ABC has spent the week showcasing its Emmy-nominated series. Tonight it will repeat a special episode of "Boston Legal" (9 p.m., ABC), featuring scenes from a 50-year-old episode of the CBS program "Studio One," with an appearance by a young William Shatner.
Shatner appeared in that 1957 "Studio One" episode called "The Defender," with co-star Ralph Bellamy. They played a father-son legal team defending a murder suspect portrayed by an up-and-coming actor named Steve McQueen. It would later inspire the series "The Defenders," starring E.G. Marshall, which was notable in its time (1961) for discussing controversial topics including abortion, mercy killing and political blacklisting.
This brief video cameo is not only a salute to Shatner's early work, but clearly an effort by "Boston Legal" writer/producer David E. Kelly to place his show in the long tradition of topical television.
¢ ABC will also repeat the series pilot of the Emmy-nominated "Ugly Betty" (7 p.m., ABC). Betty Suarez (America Ferrera) offers a fish-out-of-water take on the high-strung world of fashion. Of course, the only reason this plain girl from the outer boroughs gets to enter the beauty business's city of Oz is because the boss's father hires her to keep his randy son in line. She's the only assistant he won't proposition.
It's interesting to compare and contrast the exaggerated gender roles and casual harassment found on the contemporary "Betty" and the new cable drama "Mad Men" (9 p.m., AMC), set in the advertising industry in 1960.
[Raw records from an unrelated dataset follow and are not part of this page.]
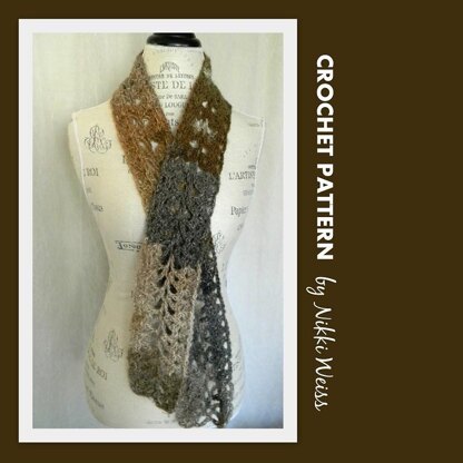 A beautiful scarf that highlights the color changes of Amazing. The design features a middle panel of lace, when combined with this lighweight yarn, makes this a wonderful scarf for fall or when you want a lightweight scarf for winter. This scarf uses a simple 2-row repeat, which is quite simple once you get the hang of it. Easy and quick for experienced crocheters, and a good project for beginning crocheters who are ready to move up to learning new techniques.
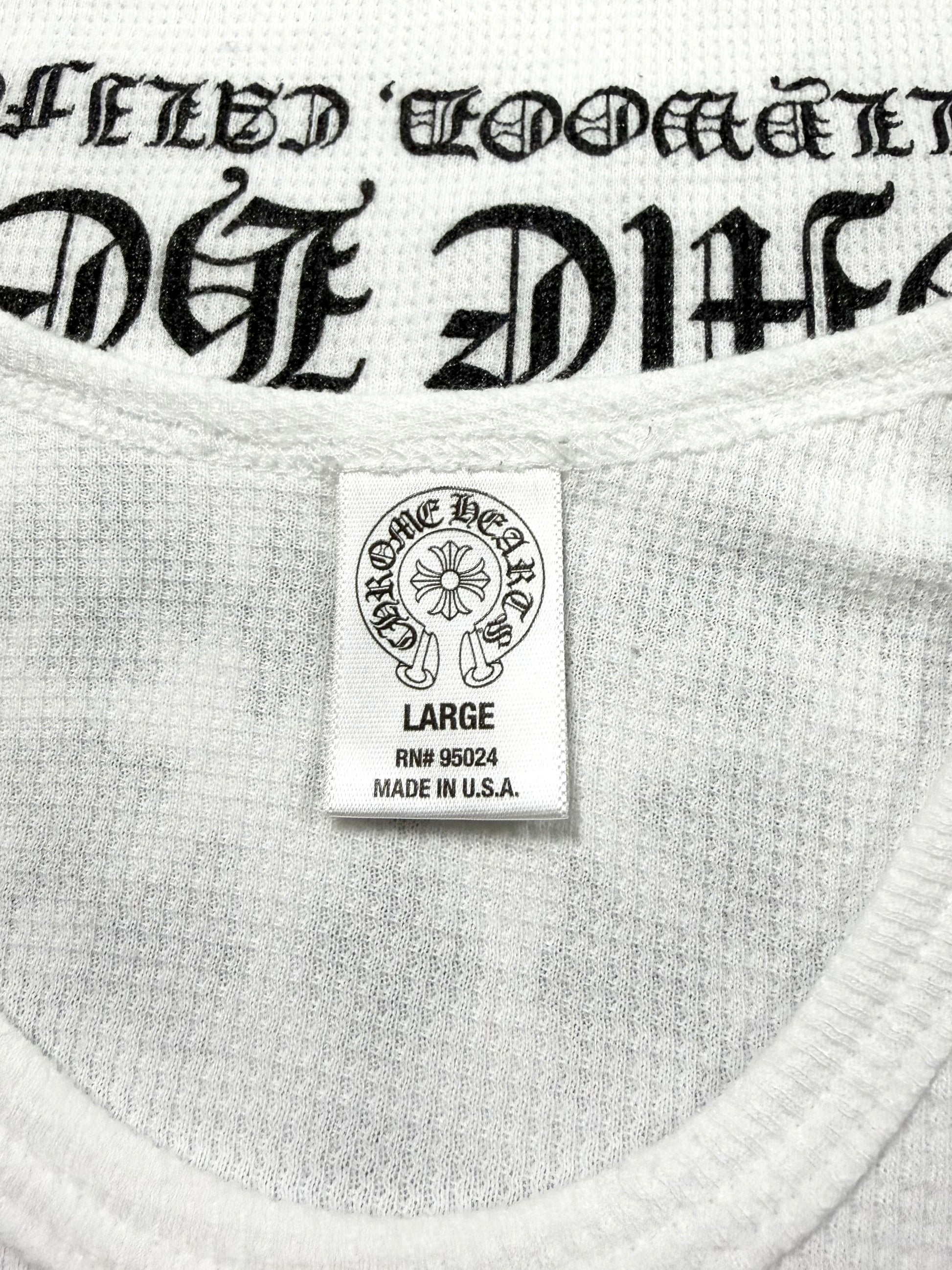 Extremely rare 2010s Chrome Hearts thermal constructed in a soft white waffle knit, finished with a dense “Cemetery” multi-cross grid print across the chest. The bold gothic Chrome Hearts logo anchors the composition, paired with “Made in Hollywood, California, U.S.A.” beneath. Subtle branding continues with a CH hit at the hem and a minimal chest logo on the reverse, balancing graphic intensity with restraint. A staple Chrome Hearts silhouette in close to brand new condition with no flaws—pristine quality.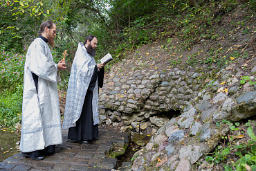 В день памяти прп. Саввы Сторожевского насельники Лавры совершили водосвятный молебен на источнике у стен монастыря.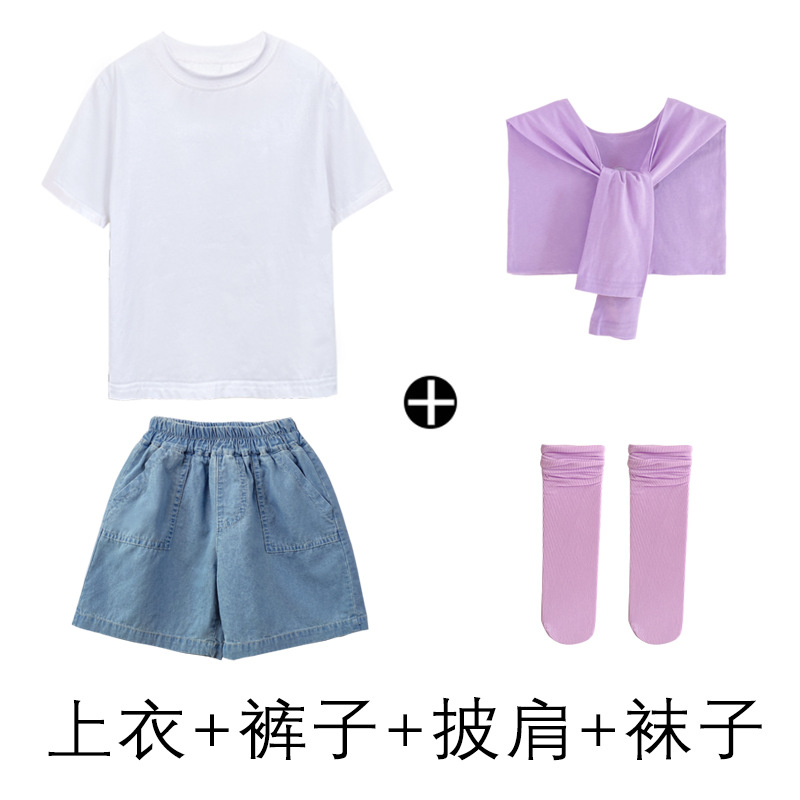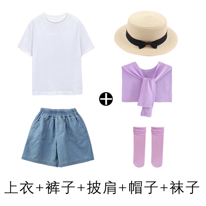 • 데님 반바지 흰색 T 보라색 목도리 라이트 퍼플 얼음 양말 어린이 밀짚 모자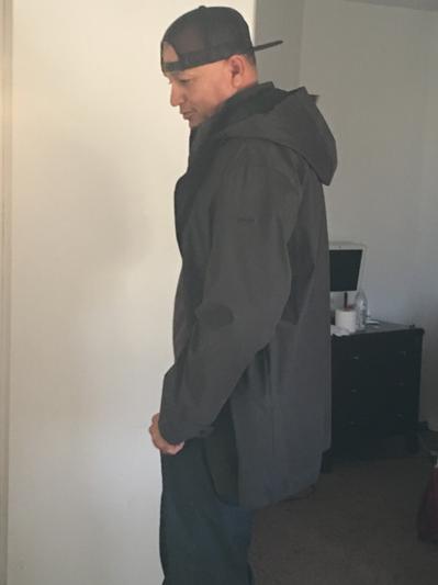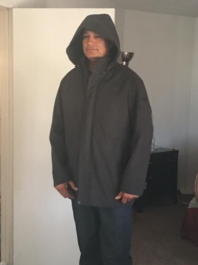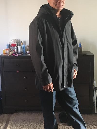 This jacket is very roomy and comfortable. It will keep you warm in the rain, sleet or snow, & water repellent. I love that it comes attached with a hood.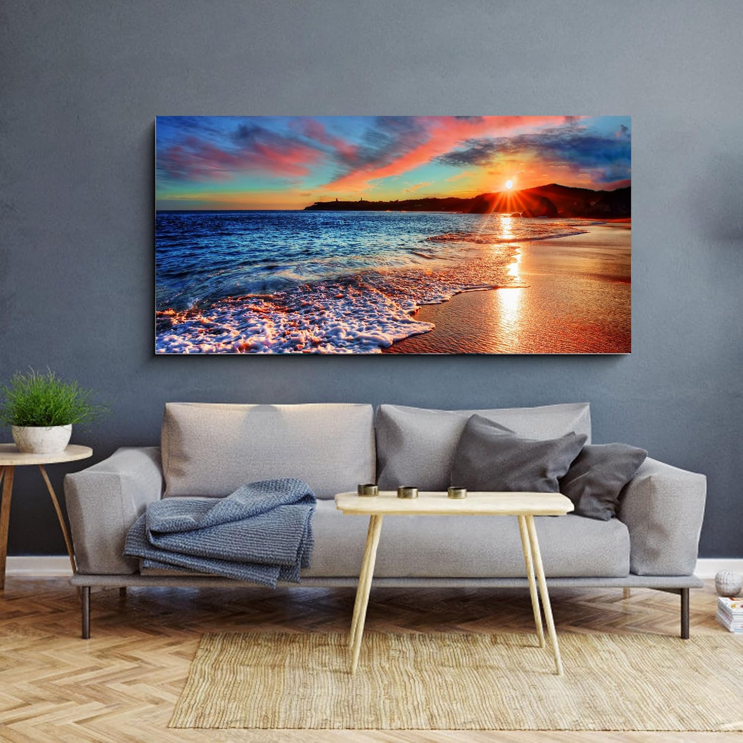- The huge ocean sunset coastal canvas print wall is an ideal addition to style up any rooms. It is suitable for bedroom, home, office, hotel, dining room or laundry. The framed beach canvas artwork is also a excellent gift for your family and friends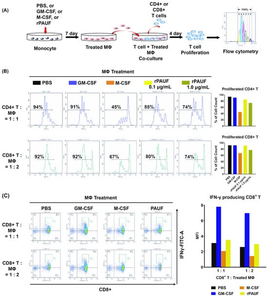 PAUF promotes the transformation of monocytes into M2 macrophages by inhibiting T cell proliferation. (A) Schematic description of the experiments. Monocytes differentiated into macrophages by incubating with PBS, GM-CSF, M-CSF, or PAUF for 7 days. To perform the suppression assay, isolated (B) CD4+ T cells or (C) CFSE-labeled CD8+ T cells were stimulated with anti-CD3/CD28 microbeads and co-cultured with macrophages in 1:1 or 1:2, or 1:0.5 ratio, respectively. After 4 days of co-culture, T cells were gathered and marked with anti-CD4-PerCP or CD8-PE/Cyanine7 to assess T cell growth utilizing flow cytometry. Data were analyzed using NovoExpress software version 1.5.0. The histograms represent the CFSE fluorescent peaks of proliferating T cell populations.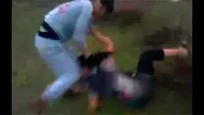 районе» видно, как одна из девушек повалила на землю другую, и наносит ей не
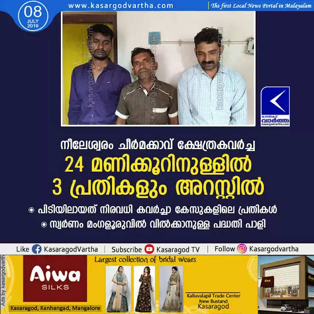Keywords: Kasaragod, Kerala, news, Top-Headlines, Robbery, case, Crime, arrest, accused, Neeleswaram, Cheermakkavu temple robbery; 3 arrested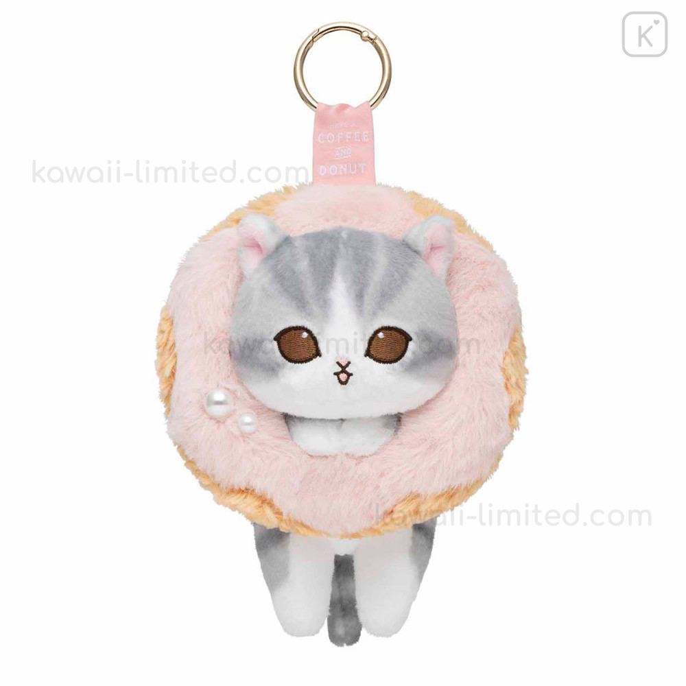 Japan Mofusand Plush Mascot with Carabiner Bag Charm - Mofusand Coffee And Donuts Cat Strawberry Cream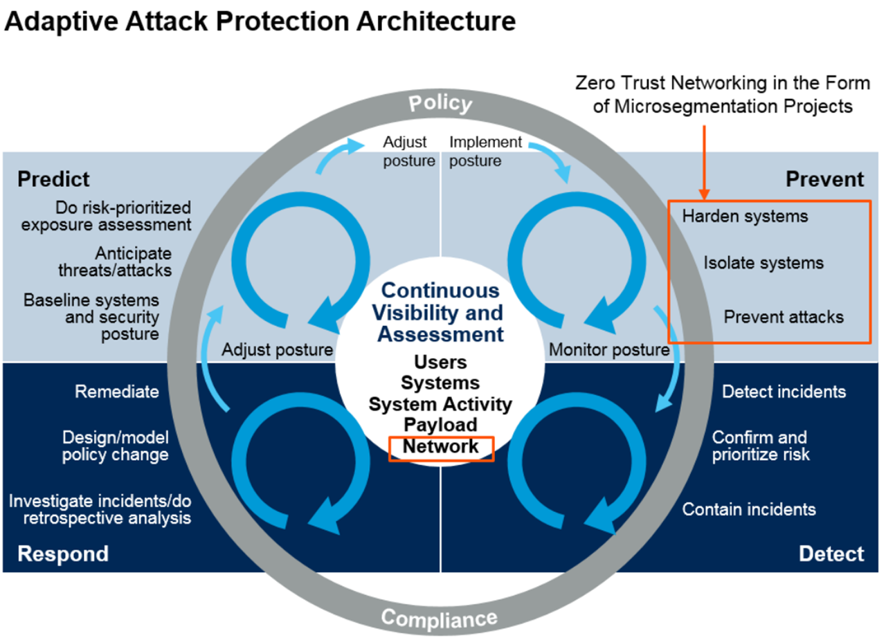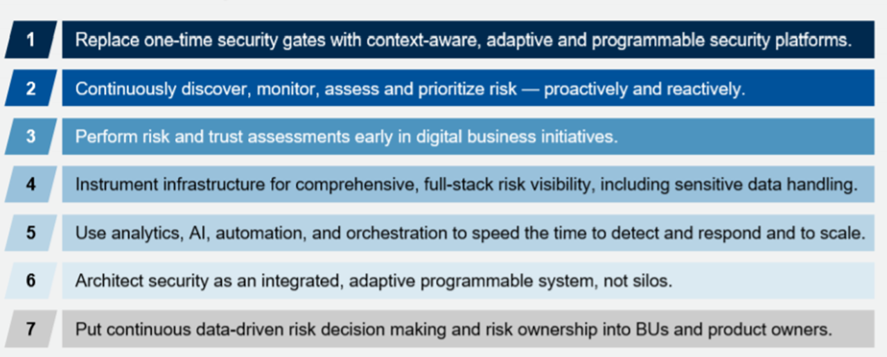 此外,CARTA在战略方法中强调,在交互期间持续监视和评估实体及其行为。在自适应安全架构中,CARTA战略总共包括七个步骤,零信任可以作为其第一步,如下图所示。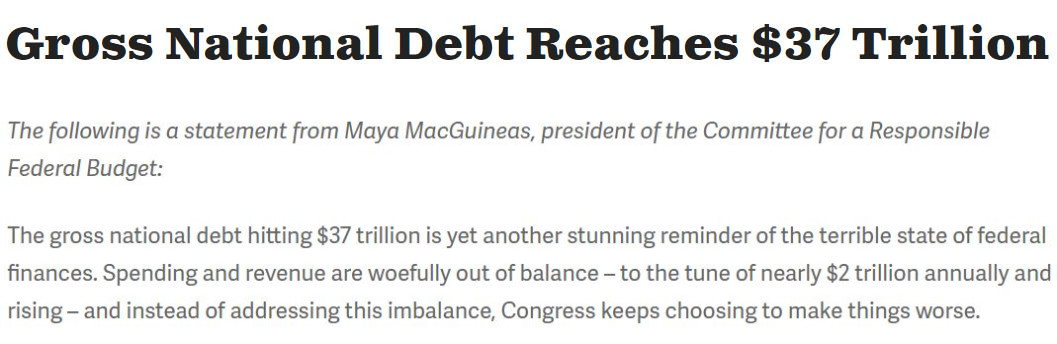 “(美國)國家債務(wù)總額達(dá)到37萬億美元的現(xiàn)實(shí)再次令人震驚地凸顯出聯(lián)邦財(cái)政的糟糕狀況。支出和收入嚴(yán)重失衡每年造成近2萬億美元的財(cái)政赤字,然而美國國會(huì)不僅沒有解決這種財(cái)政失衡,反而一直選擇讓事情變得更糟?!?/p>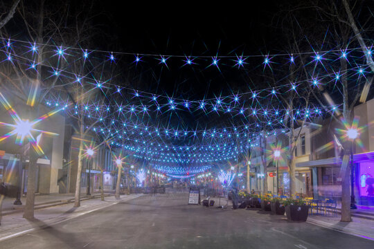 Silicon Valley's Mountain View's Castro Street at Night with Eight Point Stars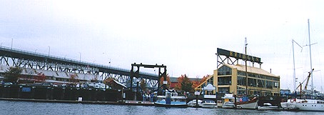 グランビルアイランドへは橋を渡っても行くことができますが、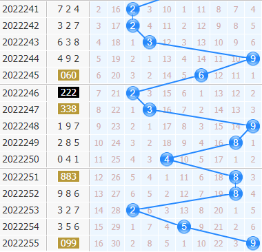 福彩3d第2022255期开奖号码是099,十位上开出了9号球,开出了奇数、大数、0路号码。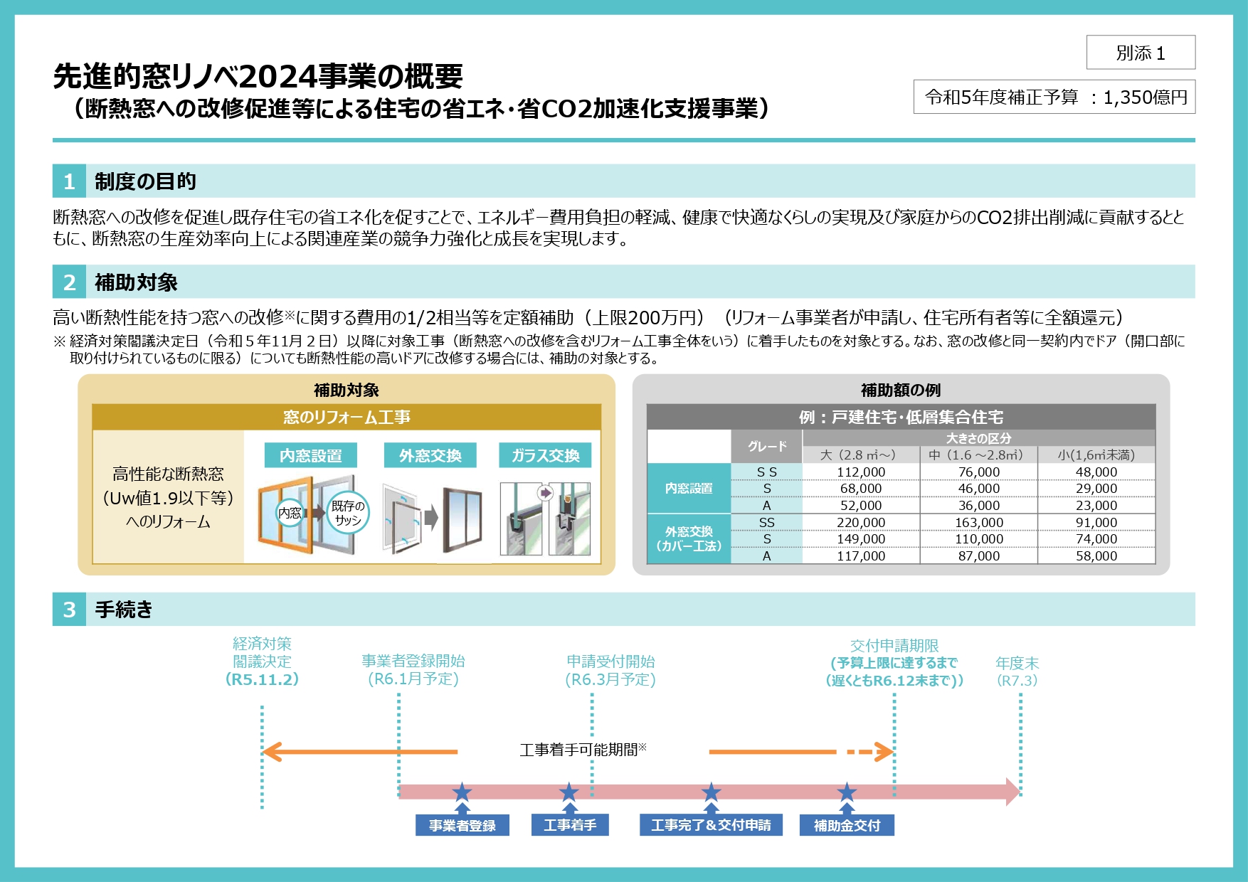 窓(サッシ)の断熱性を上げる内窓・ガラス交換・外窓交換に利用できる補助金です。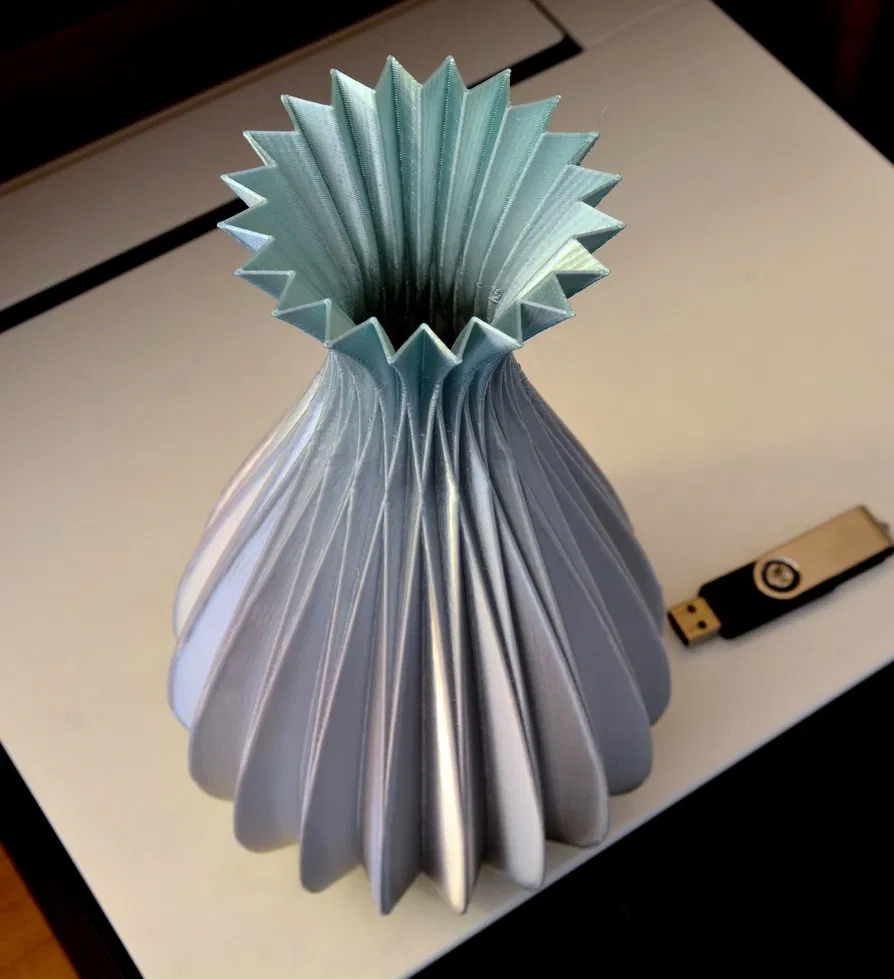 Ảnh chụp cho thấy bình được in ở chế độ "vase mode". Bạn có thể in ở chế độ "vase mode" hoặc "normal mode" với 0 lớp trên, 0% infill, 1 hoặc nhiều lớp tường và 3 hoặc nhiều lớp đáy. File STL là dạng khối đặc. In đẹp ở cả hai chế độ.
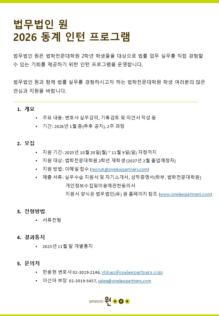 [공고] 법무법인 원 2026 동계 인턴 프로그램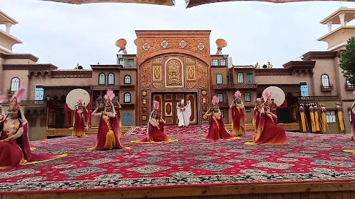 향비묘의 주인공 유수프 카스 하지프(Yusup Khass Hajip)는 11세기 트루크제국의 키르키스탄 카라카니드 칸국 수도인 Balasagun 출신의 시인입니다. Yusup Balasaguni는 Balasagun에서 역작 Kutadgu Bilig (쿠타드구 빌리그:왕의 영광에 대한 지혜) 작업을 시작했으며 카슈가르에서 완성했을 때 나이가 약 50세였고 55세이던 1,077년에 사망하여 이 곳에 묻혔다고 전해지며 1,640년 그의 삶을 기리기 위해 영묘가 조성되었다고 합니다. 무덤 자체는 크지 않지만 돔과 높은 미나렛을 둘러싼 푸른 타일로 아름답게 장식되어 있습니다. 유수프의 동상이 입구를 지키고 있어 향비묘를 찾는 사람들에게 유스프의 업적을 상기시켜 주고 있네요. 모스크 앞에는 청나라 건륭제와 향비의 기마상이 있어 두사람의 묘인가 착각하지만 모스크 안에는 아팍 호자(1622 ~ 1685)와 가문의 5대에 걸친 72구의 유해가 안치되어 있으며 향비는 바로 아팍 호자의 외손녀입니다. 호자 가문의 호화롭고 화려했던 삶을 엿볼수 있는 궁전과 루각 침실등이 보존되어 있다.

While "Mad Men" is much more upfront about the bigotries and inequalities of its era, both shows seem to center on the powerful taboo of sleeping with the boss, a subject at the center of tonight's "Mad Men."
And while their stories are separated by decades, both "Men" and "Betty" depict the lower rungs of office life as a cruel estrogen jungle - a gruesomely strict social order in which a catty remark or awkward glance can mean trouble. On tonight's "Men," the new girl, Peggy (Elisabeth Moss), shows an aptitude for turning a phrase that may elevate her in the ranks of Sterling Cooper.
The attitudes on "Mad Men," where the male managers disparage female employees as "chickens" and "morons" may be a tad harsher than the realities of the time. Professional women were certainly a factor in both advertising and publishing in the 1950s and 1960s - at least in the movies. Haven't the writers on "Mad Men" ever seen the 1961 comedy "Lover Come Back," in which ad execs Rock Hudson and Doris Day bicker and battle over the VIP account?
Tonight's other highlights
- A blessed event for Joy on "My Name is Earl" (7 p.m., NBC).
- The Green Bay Packers host the Jacksonville Jaguars in preseason NFL action (7 p.m., Fox).
- Jack faces the scrutiny of a bigger big shot (Rip Torn) on "30 Rock" (7:30 p.m., NBC).
- Kids get their first or fifth chance to sing along with "High School Musical 2" (7 p.m., Disney), the cable sequel that attracted a monster-sized (17 million plus) audience last Friday.
- A defective product sparks a crisis on "The Office" (8 p.m., NBC).
- A blackjack dealer draws a fatal hand on "CSI" (8 p.m., CBS).
- Christiane Amanpour conducts the final interview with Jerry Falwell on the conclusion of the three-part series "God's Warriors" (8 p.m., CNN).
- Embarrassing facts emerge on "Who Wants to be a Superhero?" (8 p.m., Sci Fi).
- A rough negotiation on "Burn Notice" (9 p.m., USA).
- Kids set the agenda on "Ace of Cakes" (9 p.m., Food).